Realising he had been silent too long, he said, “I am very well, thank you, Anne. I hope your journey to town was a pleasant one and not too taxing.”
“I am extremely well, Cousin, I thank you. The carriage ride was rather long, but not the least bit unpleasant. As you can see my health is much improved since the spring and I am gratified to have been able to make such a journey. From what I recall of London, it is an exciting place. I am looking forward to seeing more of it in the coming weeks.”
It was the longest speech Darcy could ever remember hearing her make. “Yes,” he said succinctly, growing increasingly uncomfortable under her attentive gaze. “Would you care for some tea? We have oolong or singlo. You are welcome to either.”
“Darcy does not care for singlo, you know,” the countess remarked dryly.

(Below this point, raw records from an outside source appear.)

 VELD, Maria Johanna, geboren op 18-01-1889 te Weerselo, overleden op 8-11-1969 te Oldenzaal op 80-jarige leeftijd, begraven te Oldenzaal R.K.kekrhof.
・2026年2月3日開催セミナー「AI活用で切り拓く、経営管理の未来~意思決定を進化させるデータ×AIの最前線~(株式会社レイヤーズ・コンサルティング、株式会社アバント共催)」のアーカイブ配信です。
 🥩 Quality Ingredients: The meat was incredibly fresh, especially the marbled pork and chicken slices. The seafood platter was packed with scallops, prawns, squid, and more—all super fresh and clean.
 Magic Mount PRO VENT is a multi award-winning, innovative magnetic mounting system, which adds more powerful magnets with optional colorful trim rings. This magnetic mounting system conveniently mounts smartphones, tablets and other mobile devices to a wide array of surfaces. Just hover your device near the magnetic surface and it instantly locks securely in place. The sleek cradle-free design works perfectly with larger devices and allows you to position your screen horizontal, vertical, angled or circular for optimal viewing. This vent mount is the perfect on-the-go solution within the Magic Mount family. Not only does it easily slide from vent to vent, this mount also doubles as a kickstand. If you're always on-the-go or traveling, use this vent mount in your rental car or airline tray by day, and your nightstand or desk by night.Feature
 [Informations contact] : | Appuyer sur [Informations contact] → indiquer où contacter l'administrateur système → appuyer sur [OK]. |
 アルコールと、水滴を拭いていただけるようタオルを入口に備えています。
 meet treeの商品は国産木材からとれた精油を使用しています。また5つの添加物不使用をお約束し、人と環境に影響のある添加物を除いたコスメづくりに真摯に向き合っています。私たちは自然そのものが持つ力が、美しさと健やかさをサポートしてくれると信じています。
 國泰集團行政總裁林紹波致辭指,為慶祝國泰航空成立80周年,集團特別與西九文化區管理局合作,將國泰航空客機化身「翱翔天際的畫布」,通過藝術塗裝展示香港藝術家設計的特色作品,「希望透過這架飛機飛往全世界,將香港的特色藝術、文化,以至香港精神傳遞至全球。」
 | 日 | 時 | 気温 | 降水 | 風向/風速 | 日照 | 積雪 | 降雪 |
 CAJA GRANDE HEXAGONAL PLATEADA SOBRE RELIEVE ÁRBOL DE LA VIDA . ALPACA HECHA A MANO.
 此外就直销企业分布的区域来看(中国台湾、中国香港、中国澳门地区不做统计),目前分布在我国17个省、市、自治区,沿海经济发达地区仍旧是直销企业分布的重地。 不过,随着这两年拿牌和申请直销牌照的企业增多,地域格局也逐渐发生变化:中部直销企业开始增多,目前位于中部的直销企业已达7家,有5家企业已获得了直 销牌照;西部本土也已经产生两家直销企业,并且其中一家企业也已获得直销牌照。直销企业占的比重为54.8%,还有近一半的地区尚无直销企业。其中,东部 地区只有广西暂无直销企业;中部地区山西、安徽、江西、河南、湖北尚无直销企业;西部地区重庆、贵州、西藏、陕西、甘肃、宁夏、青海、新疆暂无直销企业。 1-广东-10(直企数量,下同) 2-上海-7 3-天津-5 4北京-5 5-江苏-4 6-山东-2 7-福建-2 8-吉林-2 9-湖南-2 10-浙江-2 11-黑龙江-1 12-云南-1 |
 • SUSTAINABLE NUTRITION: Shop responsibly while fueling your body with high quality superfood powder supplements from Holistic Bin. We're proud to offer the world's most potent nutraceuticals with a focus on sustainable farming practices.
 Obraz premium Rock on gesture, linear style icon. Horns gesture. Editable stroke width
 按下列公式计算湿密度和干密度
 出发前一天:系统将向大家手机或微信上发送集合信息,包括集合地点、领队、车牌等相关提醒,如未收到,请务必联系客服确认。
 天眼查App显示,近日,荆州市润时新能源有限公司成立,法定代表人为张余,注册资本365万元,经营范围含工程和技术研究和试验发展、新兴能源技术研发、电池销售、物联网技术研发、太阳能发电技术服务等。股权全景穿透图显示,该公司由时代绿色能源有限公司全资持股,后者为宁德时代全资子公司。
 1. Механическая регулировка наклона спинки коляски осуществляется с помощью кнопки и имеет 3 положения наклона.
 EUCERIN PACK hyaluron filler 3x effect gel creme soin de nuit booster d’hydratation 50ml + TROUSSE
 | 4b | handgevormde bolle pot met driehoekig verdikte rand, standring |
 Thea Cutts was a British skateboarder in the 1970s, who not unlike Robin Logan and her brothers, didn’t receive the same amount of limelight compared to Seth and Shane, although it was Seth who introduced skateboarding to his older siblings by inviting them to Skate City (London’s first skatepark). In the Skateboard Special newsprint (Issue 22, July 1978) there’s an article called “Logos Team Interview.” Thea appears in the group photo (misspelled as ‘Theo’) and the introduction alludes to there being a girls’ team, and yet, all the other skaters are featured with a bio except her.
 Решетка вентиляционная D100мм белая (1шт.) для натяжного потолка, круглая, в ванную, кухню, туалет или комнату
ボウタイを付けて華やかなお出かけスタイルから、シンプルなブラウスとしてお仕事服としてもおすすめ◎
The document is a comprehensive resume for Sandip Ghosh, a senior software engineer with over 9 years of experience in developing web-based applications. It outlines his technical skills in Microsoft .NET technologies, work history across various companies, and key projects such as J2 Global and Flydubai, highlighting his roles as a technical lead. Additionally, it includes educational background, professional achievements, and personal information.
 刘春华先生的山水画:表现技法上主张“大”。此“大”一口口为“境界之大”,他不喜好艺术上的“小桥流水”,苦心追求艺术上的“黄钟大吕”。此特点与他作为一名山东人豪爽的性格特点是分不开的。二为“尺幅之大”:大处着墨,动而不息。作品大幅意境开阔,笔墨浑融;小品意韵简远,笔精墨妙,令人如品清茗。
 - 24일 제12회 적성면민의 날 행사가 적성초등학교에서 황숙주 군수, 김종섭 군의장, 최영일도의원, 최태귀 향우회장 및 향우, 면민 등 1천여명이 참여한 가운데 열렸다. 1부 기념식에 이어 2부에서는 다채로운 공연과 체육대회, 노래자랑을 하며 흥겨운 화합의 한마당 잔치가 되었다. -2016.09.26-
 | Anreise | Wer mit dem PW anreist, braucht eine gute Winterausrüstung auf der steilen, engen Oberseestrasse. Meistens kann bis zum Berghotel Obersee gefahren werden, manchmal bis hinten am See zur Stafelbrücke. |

Anne pursed her lips. “No, he does not. My mother has spoken of oolong being Darcy’s favourite for years. Though it suits him, I have always found it too severe for my liking, at least the way Darcy takes it. A nice, mild cup of green tea is far more to my tastes.”
Lady Carlisle’s lips quirked. She cast her nephew a self-satisfied look from over the top of her teacup and raised one pert brow.
Darcy made a valiant effort to ignore her and proceeded to pour a cup of singlo for Anne. “I believe Fitzwilliam mentioned you have some news.”
The colonel snorted. “Does she ever.”
Darcy glanced sharply at him, but the colonel merely shook his head and endeavoured to hide a smirk behind his hand.
Anne accepted her tea and promptly placed it upon the table. “I believe in such circumstances that frankness is best.” She smiled demurely at Darcy and said, “Cousin, I have recently learnt that I am to become a married woman.”
Darcy, who had just taken a sip of tea, began to choke.
“Good God,” he stammered, frantically wiping tea from his coat with a linen napkin.
He could not decide whether he was more horrified that news of his engagement had reached Rosings—and therefore his aunt—or that Anne seemed to suffer from the delusion that she was the lady he wished to take as his wife.
He tossed his napkin upon the table with the tea things and said incoherently, “Anne, I am not at liberty…I am entirely besotted with…that is to say that I cannot possibly—or rather, we cannot possibly—”
To his utter consternation, Colonel Fitzwilliam, who had been quietly snickering through Darcy’s attempt to correct Anne’s misapprehension, lost his composure completely and laughed outright.
“Richard!” Lady Carlisle admonished. “That is quite enough out of you!”